Simulated Author's Rebuttal

3 responses · 0 unresolved

We thank the referee for the constructive comments on our manuscript. We respond point-by-point to the major comments, indicating revisions where appropriate.

read point-by-point responses

Referee: [§4] §4 (Bias and MSE derivations): the approximate MSE expressions are obtained via Taylor linearization around the characterizing scalar, but no analysis is given of the remainder term or conditions under which the approximation is valid for the mode (which lacks differentiability at the population level).

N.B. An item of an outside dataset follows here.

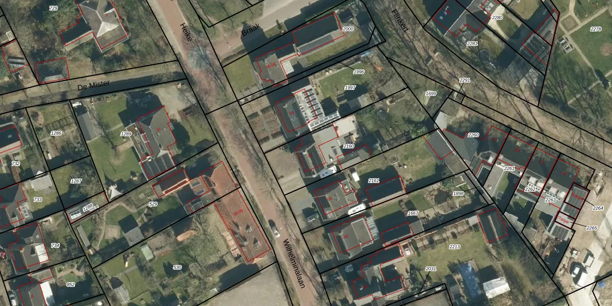 Het perceel waarop Wilhelminalaan 52 staat heeft een oppervlakte van 843 m². Dit is een groot perceel. De perceeloppervlakte wordt geregistreerd door het Kadaster. Gedetailleerde informatie over de maten van dit perceel kunt u vinden in het rapport Kadastrale kaart met maatvoering van Wilhelminalaan 52.

Authors: The bias and MSE approximations follow the standard first-order Taylor linearization approach widely used in survey sampling for ratio and product estimators. The expansion is performed with respect to the characterizing scalar to obtain the leading terms. We acknowledge that no explicit remainder-term analysis or differentiability conditions are provided in the manuscript; the mode is indeed non-differentiable, so the approximation relies on large-sample behavior and local linearity around the scalar. We will add a short paragraph in the revised §4 noting these limitations and the reliance on simulation validation. revision: partial
Referee: [§5] §5 (Simulation study): the reported relative efficiencies and ratios of exact to simulated MSE are tabulated for specific natural populations and artificial datasets, yet the manuscript does not state whether the characterizing scalar was chosen independently of these evaluation sets or tuned to them, raising the possibility that observed gains are not general.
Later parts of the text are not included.